The processes behind Data Analytics mirror the brain’s own functions. Initially your brain processes visual stimulus through the retina, then to the thalamus, then the primary visual cortex and the association cortex. At each stage, there are filters that our brains apply to determine whether this information is relevant enough to continue processing. We call this ‘rubbish in’ ‘rubbish out.’ Because it is important for information to be understood quickly and easily this where Data Visualization comes into its element.

Using the Right Chart for the Right Job

Colour Wheel 2

Pre-attentive processing occurs within the first 200 milliseconds of seeing a visual. Colour, form and pattern are discernible during this phase.

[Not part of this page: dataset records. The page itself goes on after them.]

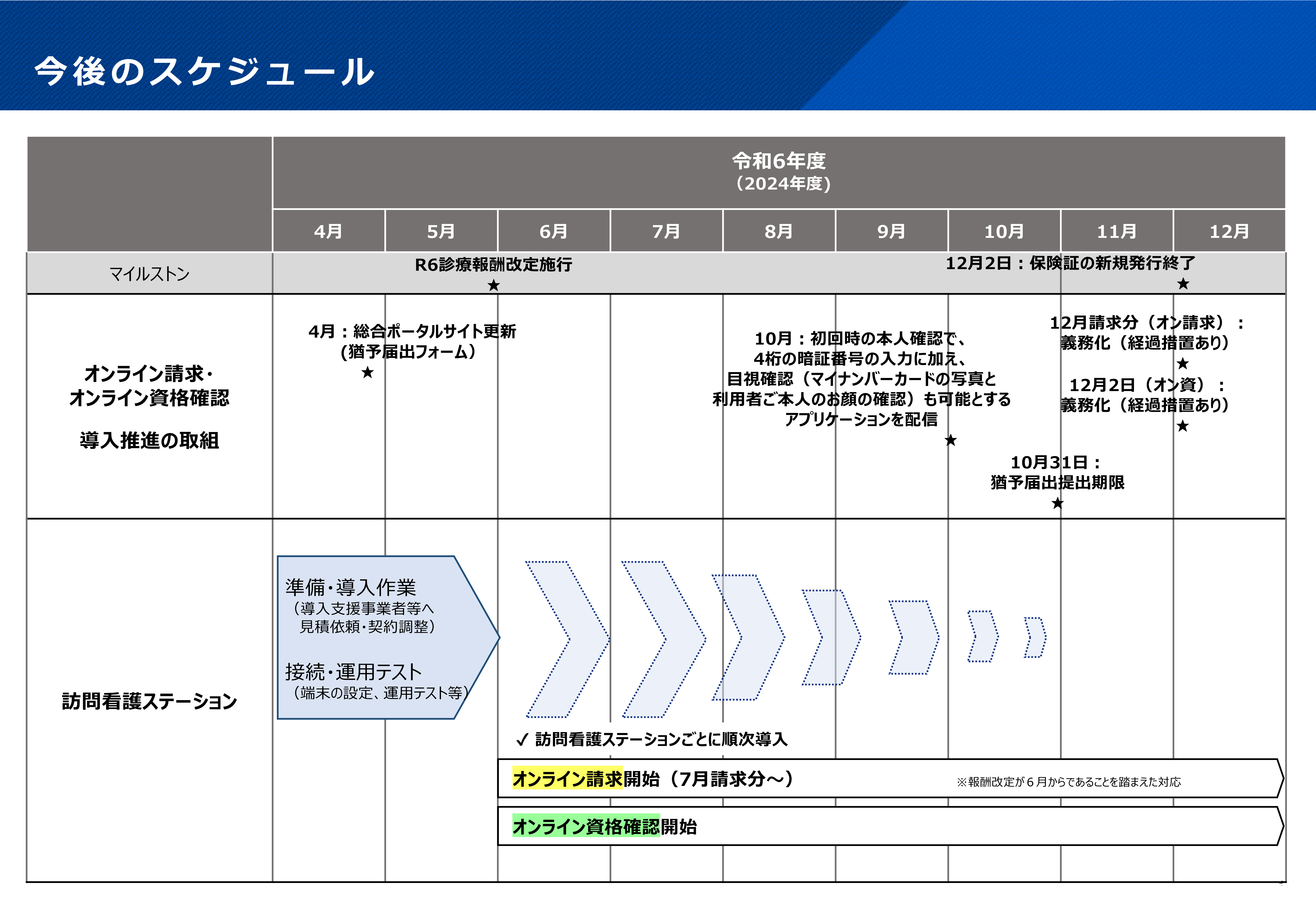 健康保険証の新規発行終了時期(※)から、オンライン請求及びオンライン資格確認を義務化し、やむを得ない事情がある訪問看護ステーションについては、期限付きの経過措置を設けることとされました。
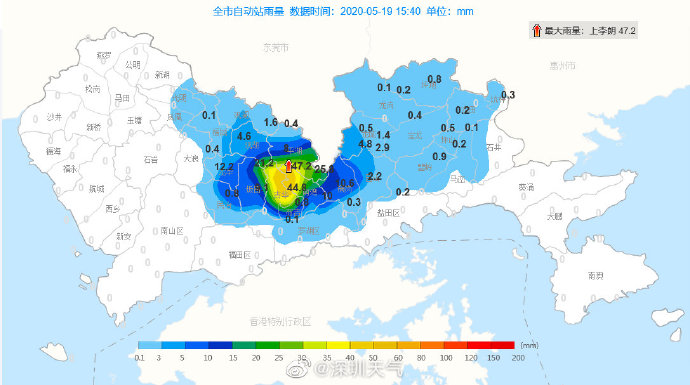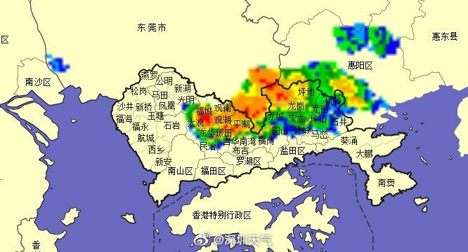 13時05分:目前我市寶安、南山、福田和羅湖局地有陣雨,中午外出吃飯的小伙伴,你們被雨追上了嗎?
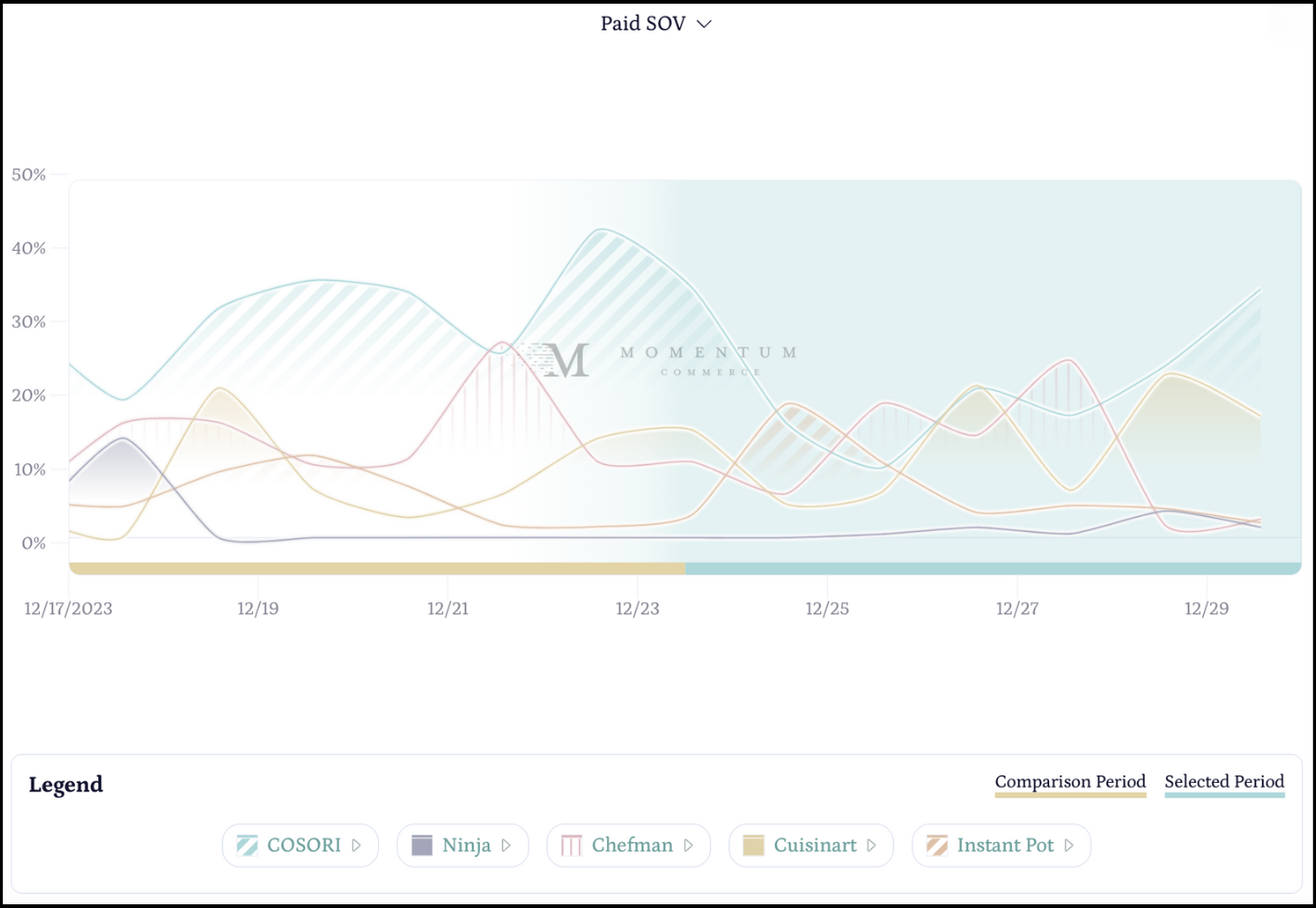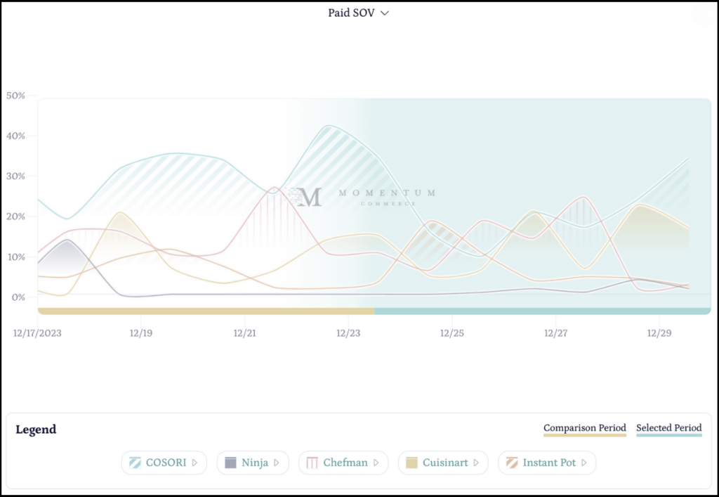 - It’s interesting to note that on December 23, 2023, COSORI held 42.5% of Paid SOV, and dropped to 9.6% just a few days later.

This is why spotting a red jelly bean in a bowl of white jelly beans is really easy.

Bar Charts illustrate a snapshot of the information better than line charts, allowing you to make a split second assessment of the value of what you are seeing. Then comes the fun part….using the correct colours to create a story enables you to emphasise information through a universally acknowledged cognitive alphabet. Red…danger, Blue…all is well, Green…growth and action, Yellow…of interest…Pastel Tones are more soothing on the eye…and so forth.

Because we discovered the world through colour and shape, our long term memory allows us to interpret Visual Data with split second clarity.

To get the best use out of colour, when building a Dashboard theme, follow a line of colours around the spectrum for tone on tone harmony.

Memory is the Key to Data Visualization

Psychologists put it like this; we have 3 memory components. Sensory, Working [Short Term] and Long Term. How we use them is based on a push/pull & slow / fast processing system.

Slow processes information in the present. What is 73 x 62? Fast dips into the pre-programmed paradigms and draws fast conclusions based on experience patterns of knowledge. What is 2×2?

The Sensory Register is the component of memory that holds input in its original, unencoded form. Probably everything that your body is capable of seeing, hearing is stored here. In other words, the sensory register has a large capacity; it can hold a great deal of information at one time.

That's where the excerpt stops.